### Task objective
Whenever the string "planning" appears in a line below, please copy the line out.
_____
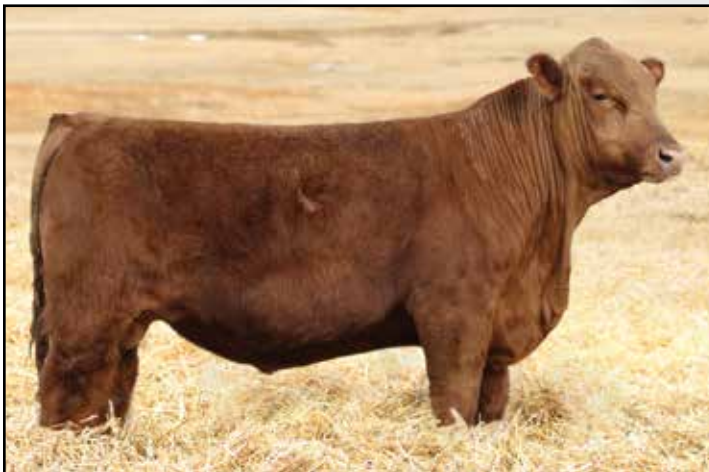
LOT 15 - VGW DOWNLOAD 514
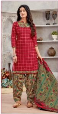
D. No. 22005
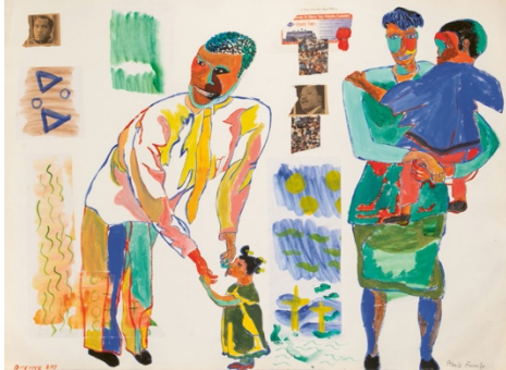
Abel's Family 1999 Acrylic and collage on cold press watercolor paper 22 x 30 in

368 Broadway, Suite 305 New York, NY 10013 (503) 515 8732 carracciart.com @carracci_art
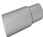
TUBO TELESCOPICO D.150
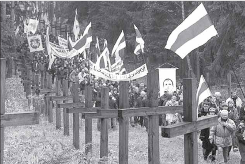
March to Kurapaty, place of mass burial of victims of Stalinist repression, on the Ancestors' Day (Dziady), October 28 th , Minsk
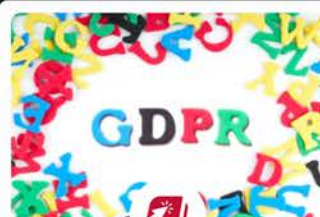
Awareness for staff of GDPR
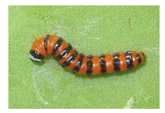
Catoblastis cactorum
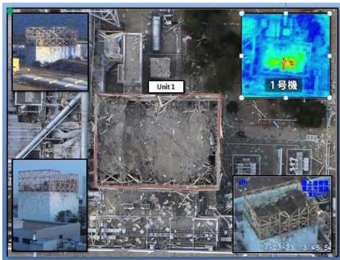
Figure 3: Damage to Unit 1
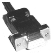
ASi Master in IP65 (Specification 2.0)
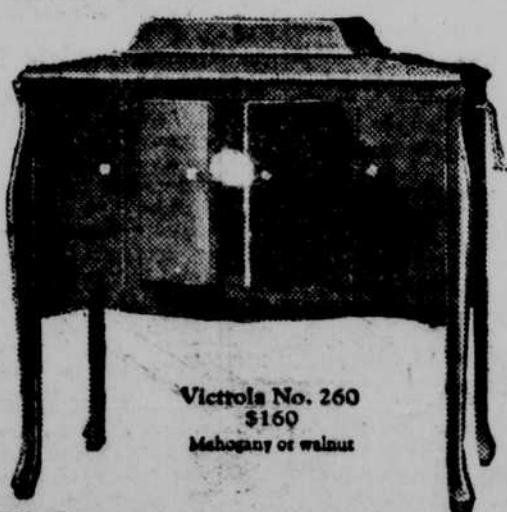
Victrola No. 260 $160 Mahogany or walnut
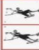
ONE LEG BOAT
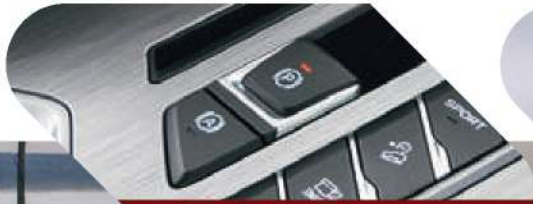
Electric Parking Brake and Auto Brake Hold
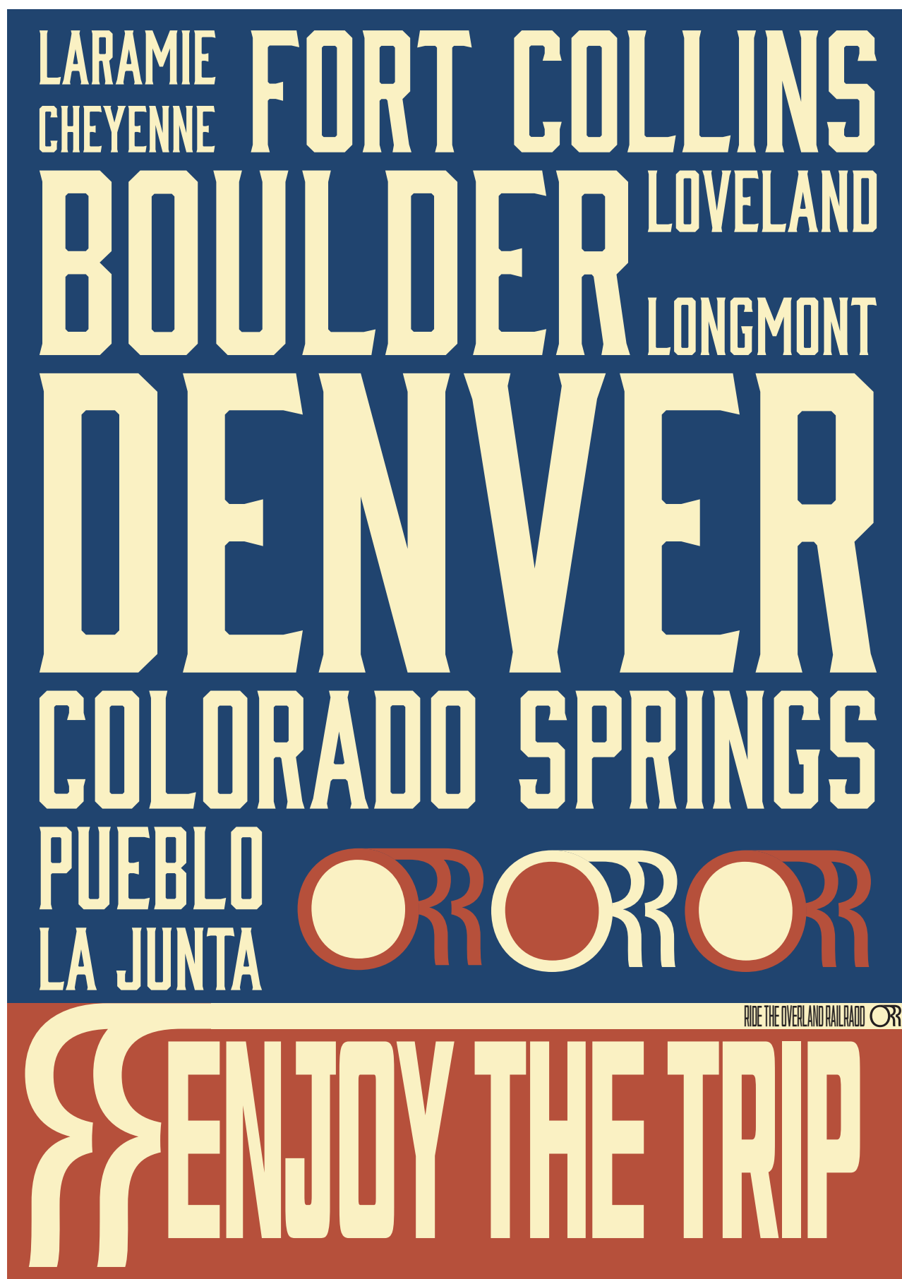
Figure 3: ORR Poster Diptych 1, a
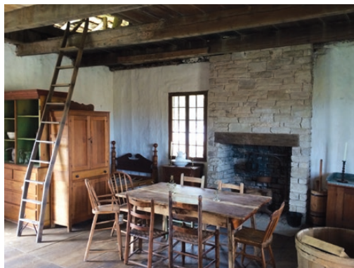
main room, Bequette Ribault House
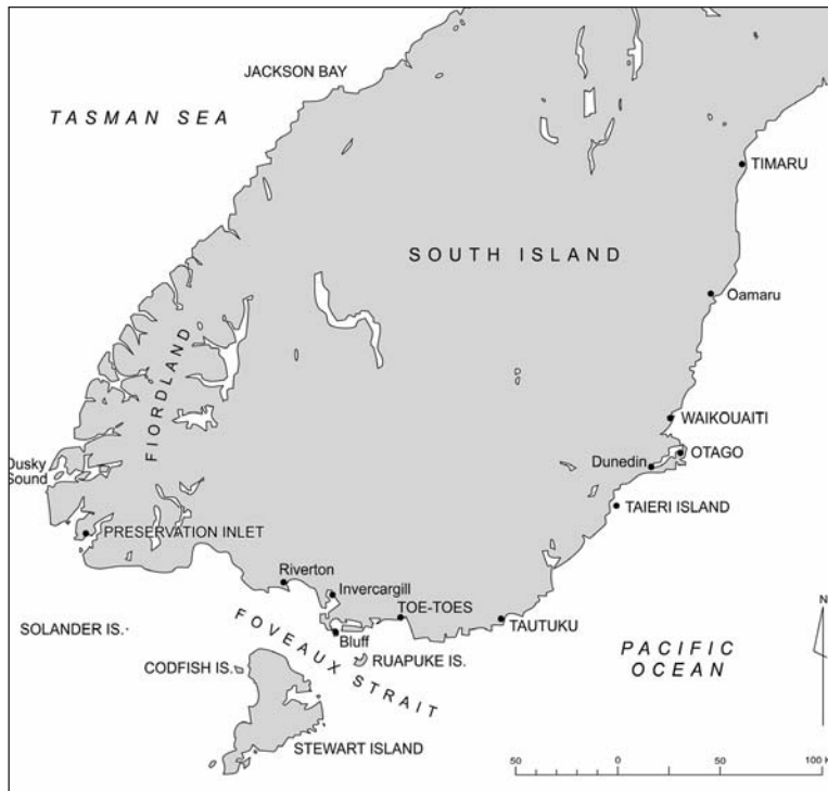
Figure 2. Southern New Zealand.
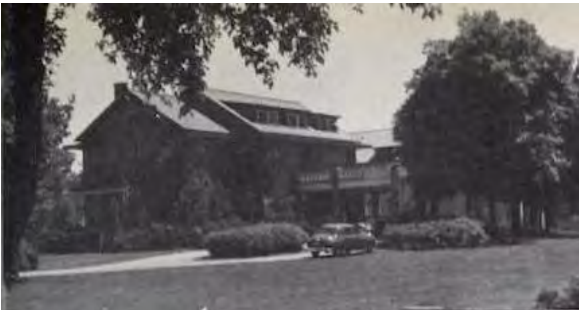
Same view, 1950
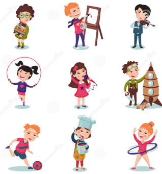
Hobbies and Leisure Programs
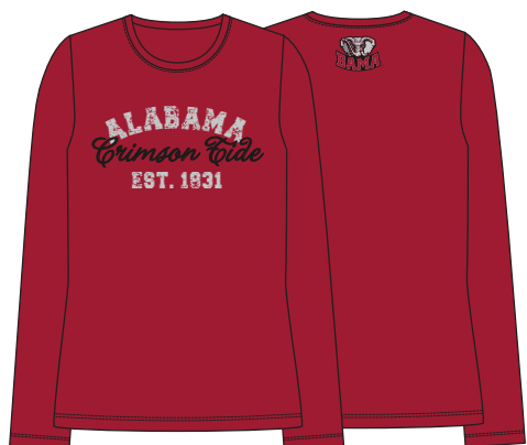
33312-2782 Alabama Foil Print Tee
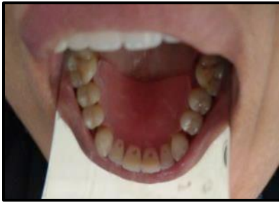
Figure 6. Intraoral palatal view of the flexible prosthesis in the patient's mouth
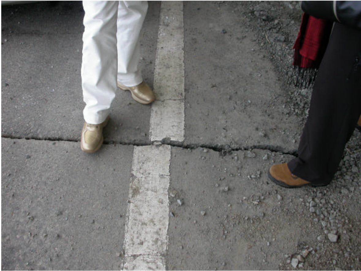
2004 Nijgata-Chuetzu epicentral area: an example of fracture displacing the road pavement
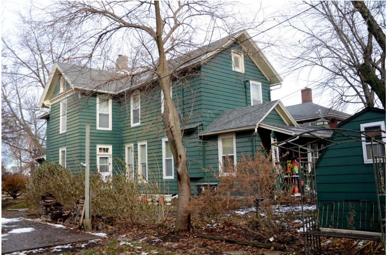
Photograph 92-00375-003 - House, looking northeast (December 2014)
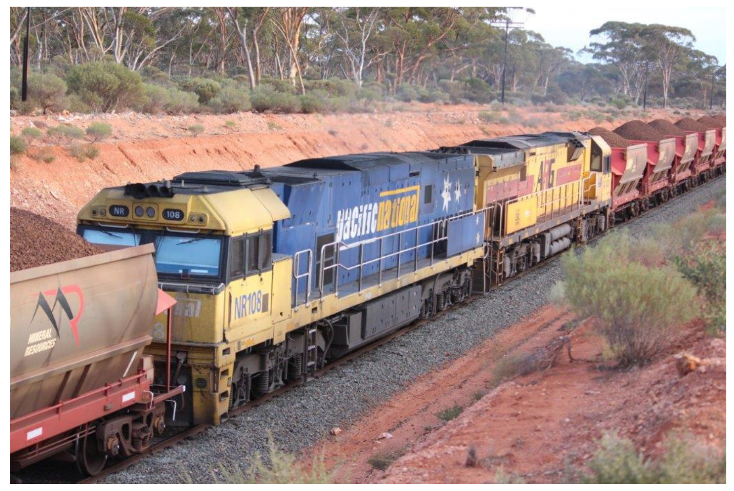
NR108 & AC4301 are the distributed power units on 7037 loaded ore, Binduli, 10<sup>th</sup> May.
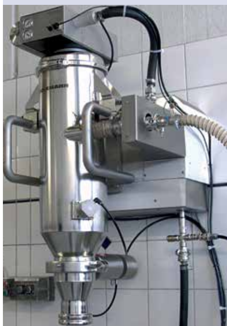
Wall Mounted Conweigh
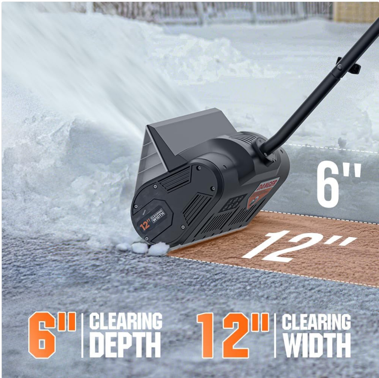
Figure 3: The snow shovel efficiently clears snow with a 12-inch width and 6-inch depth.
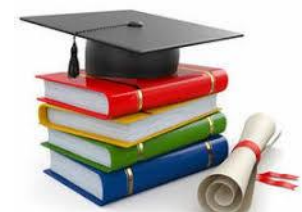
School Management System
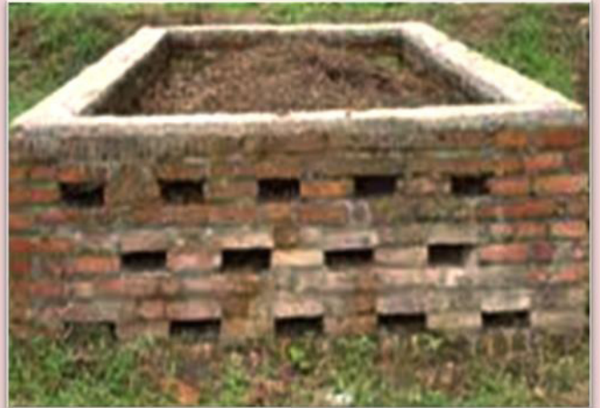
Ge.a – gamanio man.chapgipa kamrang; NADEP a.sal tariani
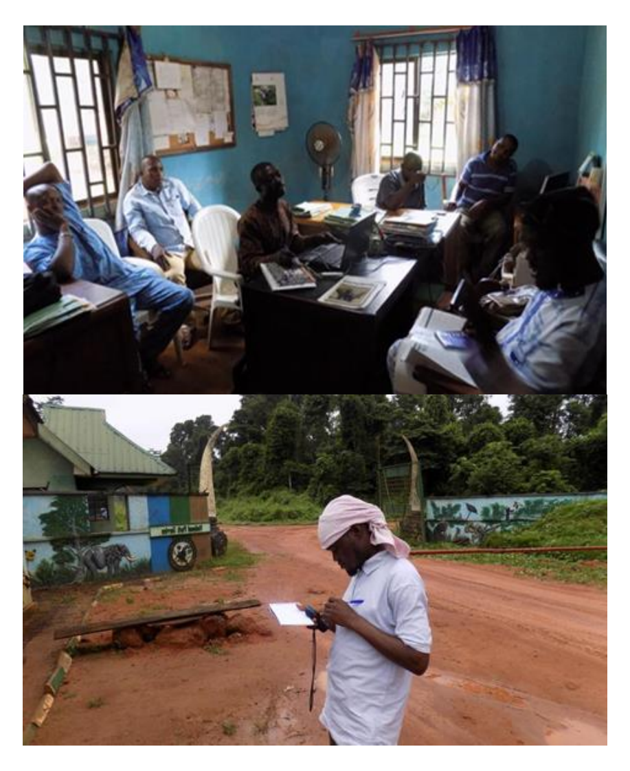
Sensitization and planning meetings with community stakeholders

Project planning and discussion of protocols
_____
### Solved problem
Sensitization and planning meetings with community stakeholders
Project planning and discussion of protocols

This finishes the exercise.